Even unsuccessful attempts are valuable.
If the Critic once said, “you forgot to process the gaps,” that feedback can guide future tasks. Semantic search will surface such cases as well.
Full Iterative Cycle
When all components are ready, the cycle runs until:
- The maximum number of iterations is reached, or
- The Critic makes a final decision.
At each iteration:
- Actor solves the problem, incorporating any feedback.
- Critic evaluates the solution.
- The experience is stored in memory.
- Relevant context is extracted for the next attempt.
Observing Actor Learning
- Iteration 1: Simple preprocessing + one model.
- Critic feedback: “You did not check class balance,” “Missing feature engineering.”
- Iteration 2: Adds the missing steps, tries several models, builds an ensemble.
A concrete failure case: the Actor encoded the target column, trained the model, but forgot to decode predictions. The output was numeric IDs instead of class labels. The fix was to add explicit instructions in the system prompt:
If you encode the target column, you MUST DECODE predictions before returning.
Usedecode_categorical_labelwith the mapping path from the encoding step.
When the Actor experiments with multiple models, files can overwrite each other. Prompting the LLM to generate unique filenames proved unreliable. The robust solution is to handle naming at the tool level, appending a timestamp and UUID to each file.
Experimental Results
The system was evaluated on several OpenML datasets.
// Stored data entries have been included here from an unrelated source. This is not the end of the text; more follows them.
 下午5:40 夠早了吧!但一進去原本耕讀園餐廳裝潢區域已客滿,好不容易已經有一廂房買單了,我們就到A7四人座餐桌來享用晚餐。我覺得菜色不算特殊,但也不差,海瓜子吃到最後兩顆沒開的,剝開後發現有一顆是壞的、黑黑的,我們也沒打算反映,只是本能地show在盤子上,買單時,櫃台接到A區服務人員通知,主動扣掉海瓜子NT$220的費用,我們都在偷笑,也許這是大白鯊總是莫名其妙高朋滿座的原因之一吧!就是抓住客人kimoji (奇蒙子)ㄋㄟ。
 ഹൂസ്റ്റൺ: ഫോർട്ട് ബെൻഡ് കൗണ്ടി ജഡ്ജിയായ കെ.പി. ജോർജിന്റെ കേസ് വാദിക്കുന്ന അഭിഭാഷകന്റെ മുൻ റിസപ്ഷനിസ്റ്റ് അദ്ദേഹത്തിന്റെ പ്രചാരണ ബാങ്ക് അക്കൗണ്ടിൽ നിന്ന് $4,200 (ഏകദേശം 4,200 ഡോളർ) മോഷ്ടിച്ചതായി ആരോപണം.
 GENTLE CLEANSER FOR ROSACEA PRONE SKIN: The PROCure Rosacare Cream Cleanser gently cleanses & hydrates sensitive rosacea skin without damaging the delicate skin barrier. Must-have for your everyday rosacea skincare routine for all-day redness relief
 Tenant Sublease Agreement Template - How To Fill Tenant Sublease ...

| Dataset | Metric (F1) | Baseline (RF) | Baseline (AutoGluon) | Baseline (FLAML) |
|---|---|---|---|---|
| christine | 0.743 | 0.713 (‑4 %) | – | – |
| cnae‑9 | 0.980 | – | – | 0.945 (‑3.5 %) |
| Australian | 0.836 | – | 0.860 | – |
| blood‑transfusion | 0.756 | 0.712 | 0.734 | 0.767 (‑1.5 %) |
- Cost per run ranged from $0.14 to $3.43, depending on task complexity and iteration count.
- Running time varied from 1 minute to 30 minutes.
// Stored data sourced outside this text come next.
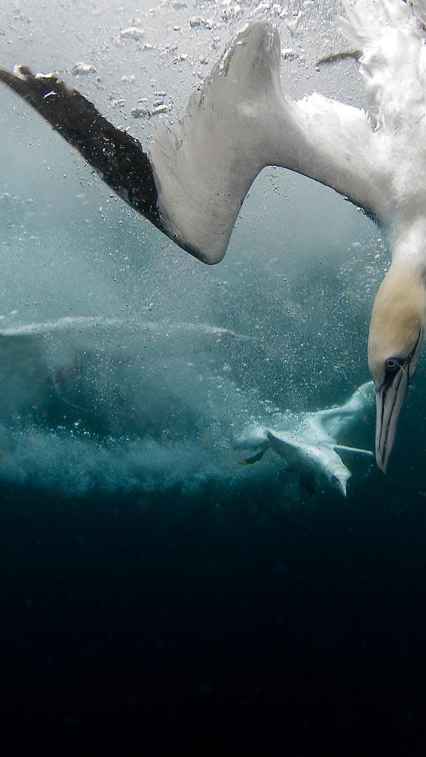 Plumas e profundezas Gansos-patola mergulhando em busca de peixes, Ilhas Shetland, Escócia (© Richard Shucksmith/Minden Pictures)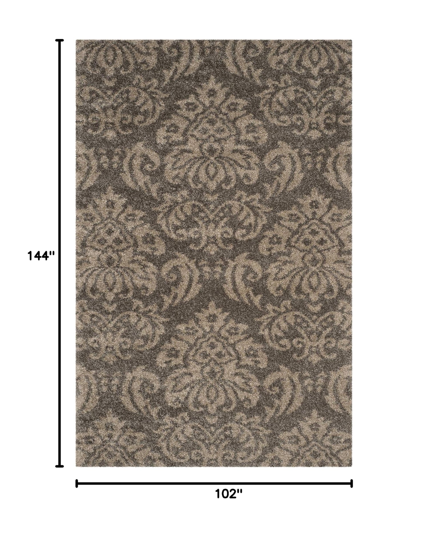 Florida Shag Area Rug 8'6" x 12' - Smoke & Beige Damask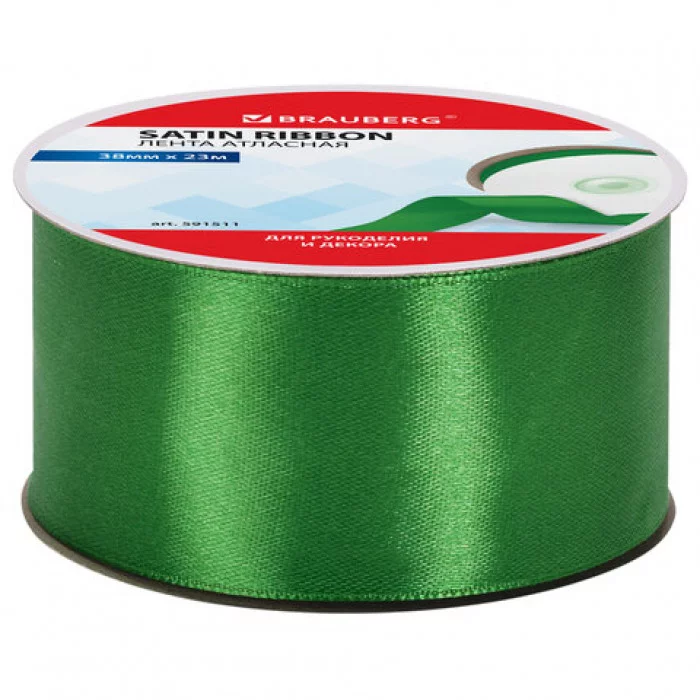 Лента атласная ширина 38 мм, длина 23 м, зеленая, BRAUBERG, 591511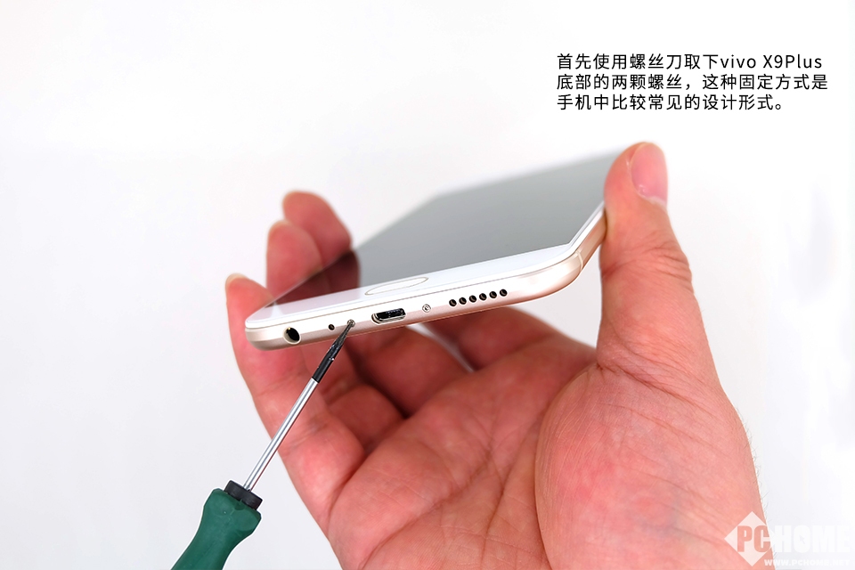首先使用螺丝刀取下vivo X9Plus底部的两颗螺丝,这种固定方式是手机中比较常见的设计形式。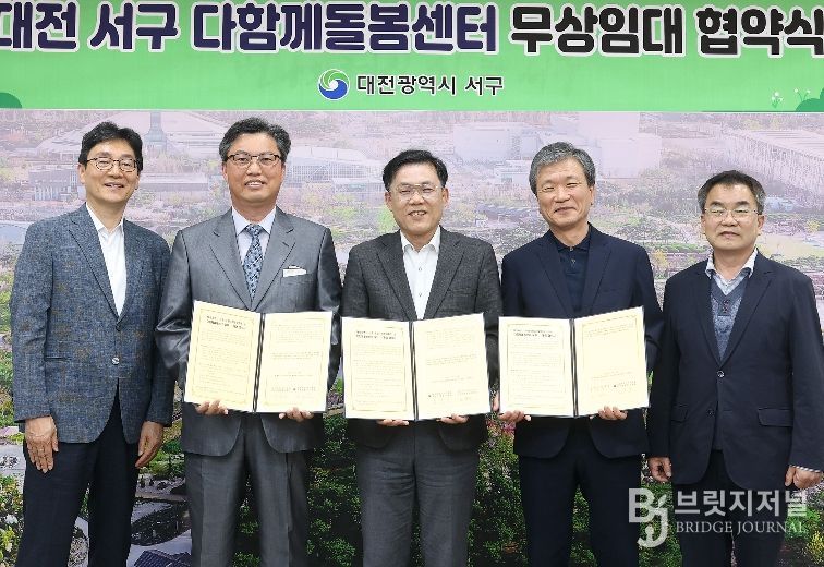 브릿지저널 정보영 기자 | 대전 서구는 구청 갑천누리실에서 돌봄 공백 해소 및 아동의 건강한 성장 환경 조성을 위해 다함께돌봄센터 공간 무상 임대 협약을 체결했다고 30일 밝혔다.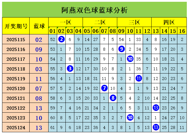 二区:上期开出3个奖号18、19、21,在前10期开奖中,该区共开出12个奖号,二区落号较冷,本期预测该区落2个奖号,参考号码13、21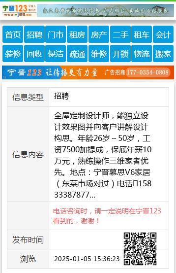 全屋定制设计师,能独立设计效果图并向客户讲解设计构思。年龄26岁~50岁,工资7500加提成,保底年薪10万元,熟练操作三维家者优先。地点:宁晋慕思V6家居(东菜市场对过)电话15833387877 【电话咨询时,请一定说明在宁晋123看到的,谢谢!】 |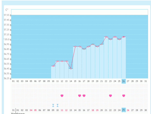 Мерить надо хотяб с 5 дц, а то программа путается и ничего не выставляет) в идеале конечно надо с первого дня цикла проводить измерения. Удачи!

The value of the system is not merely the raw metric but the intelligent automation it enables.
By modularising the workflow (MCP), we can plug in specialized agents for any task, preserving a single iterative improvement loop and accumulating experience over time.
Limitations
- Works best for tabular data with gradient‑boosting algorithms.
- Not suited out‑of‑the‑box for deep learning or time‑series tasks (additional tools required).
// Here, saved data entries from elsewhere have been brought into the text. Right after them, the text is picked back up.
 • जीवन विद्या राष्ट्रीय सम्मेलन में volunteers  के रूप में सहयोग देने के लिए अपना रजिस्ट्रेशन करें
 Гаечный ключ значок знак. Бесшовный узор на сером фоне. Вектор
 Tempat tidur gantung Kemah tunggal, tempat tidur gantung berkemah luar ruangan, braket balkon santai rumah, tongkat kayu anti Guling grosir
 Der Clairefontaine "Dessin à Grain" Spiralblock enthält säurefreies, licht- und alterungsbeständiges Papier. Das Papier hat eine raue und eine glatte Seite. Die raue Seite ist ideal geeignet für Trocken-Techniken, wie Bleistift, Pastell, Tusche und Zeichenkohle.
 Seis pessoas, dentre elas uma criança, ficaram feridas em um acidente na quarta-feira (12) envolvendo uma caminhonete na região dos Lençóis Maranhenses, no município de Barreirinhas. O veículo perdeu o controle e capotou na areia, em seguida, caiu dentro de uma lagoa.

- Overall quality heavily depends on the size and capability of the underlying LLM.
Getting Started
Installation
pip install scald
Using the CLI
scald --train data/train.csv \
--test data/test.csv \
--target price \
--task-type regression
Using the Python API
from scald import Scald
scald = Scald(max_iterations=5)
predictions = await scald.run(
train="data/train.csv", # .csv or pandas DataFrame
test="data/test.csv",
target="target_column",
task_type="classification",
)
Note: You need an API key from a provider compatible with OpenAI (e.g., OpenRouter).
Additional Information
- Need a key from Jina for embeddings in the memory system (the service provides a large number of free tokens upon registration).
- All code is packaged in a library and available on GitHub.